» **Work task**
Find the line with "idman gimnastikası (1960)" in the records below. Output exactly from there until after the line with "1 Steinholz-Bodenbelag –", without pictures.

» **The input**
——————————

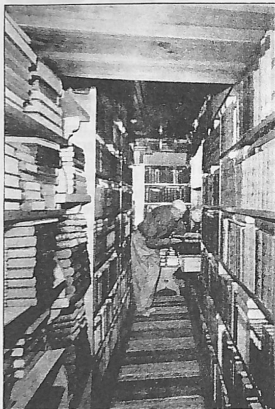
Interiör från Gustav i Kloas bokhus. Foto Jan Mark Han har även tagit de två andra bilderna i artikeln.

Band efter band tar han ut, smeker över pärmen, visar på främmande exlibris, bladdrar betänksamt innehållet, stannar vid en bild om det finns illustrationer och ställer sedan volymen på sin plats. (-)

——————————

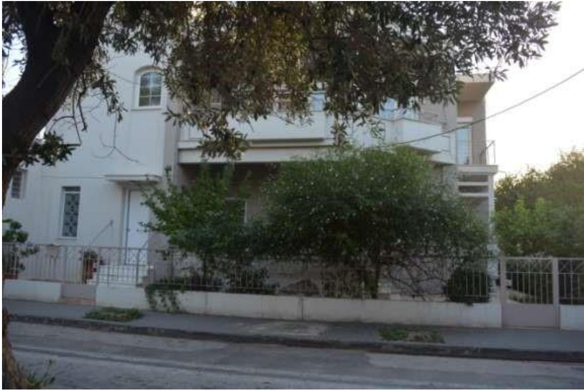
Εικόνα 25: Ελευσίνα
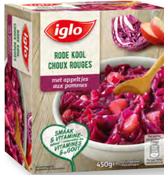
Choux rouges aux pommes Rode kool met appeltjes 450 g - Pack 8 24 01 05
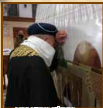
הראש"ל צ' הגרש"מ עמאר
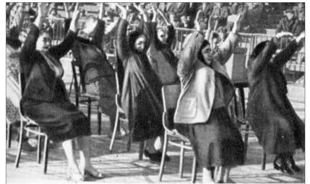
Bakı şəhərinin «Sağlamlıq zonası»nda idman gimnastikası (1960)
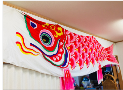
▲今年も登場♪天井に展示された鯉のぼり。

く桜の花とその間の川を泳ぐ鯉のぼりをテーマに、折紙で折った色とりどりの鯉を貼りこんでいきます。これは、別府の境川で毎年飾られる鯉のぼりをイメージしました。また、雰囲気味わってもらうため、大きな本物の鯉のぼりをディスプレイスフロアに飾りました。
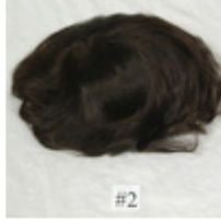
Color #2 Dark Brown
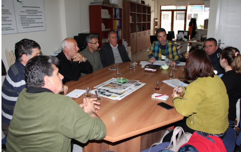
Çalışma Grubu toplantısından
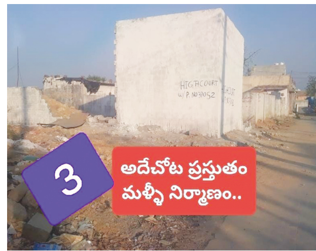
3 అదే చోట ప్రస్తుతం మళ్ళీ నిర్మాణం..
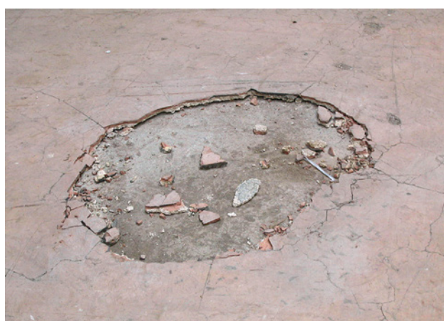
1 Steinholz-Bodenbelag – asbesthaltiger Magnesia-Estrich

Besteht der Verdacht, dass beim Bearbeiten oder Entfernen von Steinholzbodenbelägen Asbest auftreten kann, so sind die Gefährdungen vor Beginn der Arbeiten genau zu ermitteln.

——————————

» **Output below**
Bakı şəhərinin «Sağlamlıq zonası»nda idman gimnastikası (1960)
▲今年も登場♪天井に展示された鯉のぼり。

く桜の花とその間の川を泳ぐ鯉のぼりをテーマに、折紙で折った色とりどりの鯉を貼りこんでいきます。これは、別府の境川で毎年飾られる鯉のぼりをイメージしました。また、雰囲気味わってもらうため、大きな本物の鯉のぼりをディスプレイスフロアに飾りました。
Color #2 Dark Brown
Çalışma Grubu toplantısından
3 అదే చోట ప్రస్తుతం మళ్ళీ నిర్మాణం..
1 Steinholz-Bodenbelag – asbesthaltiger Magnesia-Estrich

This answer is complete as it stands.